You may not have heard of the Markets in Markets in Financial Instruments Directive, or MiFID, but it is central to how financial products are provided and marketed across the European Union.
Now the directive is being updated so that “MiFID II” will come in force in January 2018, 11 years after the first legislation was implemented in the EU. The UK financial regulator, the Financial Conduct Authority, said that the directive is going ahead despite Britain’s planned exit from the EU in early 2019. Brexit negotiations have yet to tackle Britain’s trade relationship with the EU, so the revamped Mifid is set to be in force for at least a year.
MiFID II touches on many aspects of individual investing, including investment advice, how products are sold and regulated, information and costs.

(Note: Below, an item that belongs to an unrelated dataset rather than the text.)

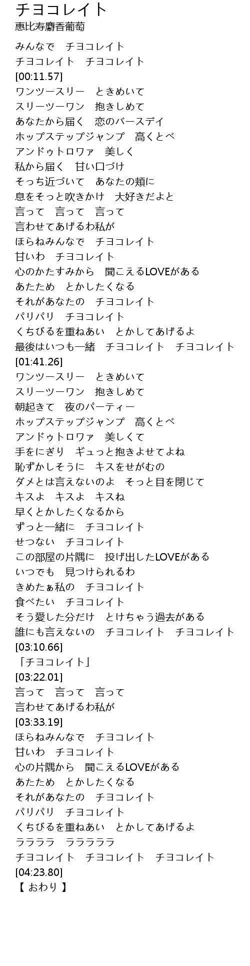 | [04:12.34] | チヨコレイト チヨコレイト チヨコレイト |
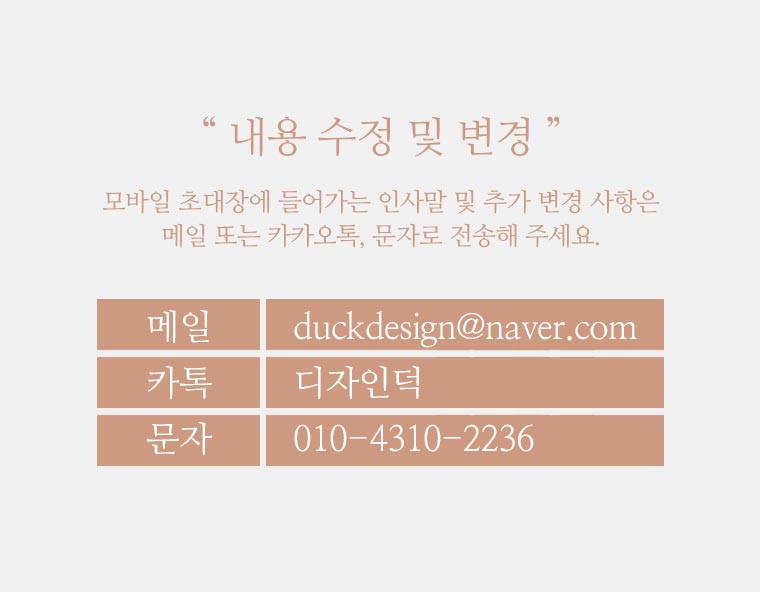모바일초대장의 가장 큰 장점은 유연한 커스터마이징입니다. 기본 구성인 메인-인사말-안내-오시는길에 갤러리를 추가할 수도 있고, 필요에 따라 섹션을 변경하거나 추가할 수 있습니다.

The overarching aim is to “enhance protection” for retail investors, according to EU regulator, the European Securities and Markets Authority (ESMA). In simple terms, this means greater transparency over the way funds are sold and a downward push on costs for retail investors.
MiFID II will strengthen current rules on how investment firms receive commission when they provide services to their clients. “In the future, any portfolio manager or firm which says they provide you with individual financial advice will no longer be able to accept or retain payments from a third party,” ESMA says.
Under the new directive investment advisers will have to be clear about whether the advice offered is strictly independent. Fund managers will have to provide more details about the risk profiles of each product they promote, and advisers in turn will have to look more closely at how this product matches the risk profile of their clients.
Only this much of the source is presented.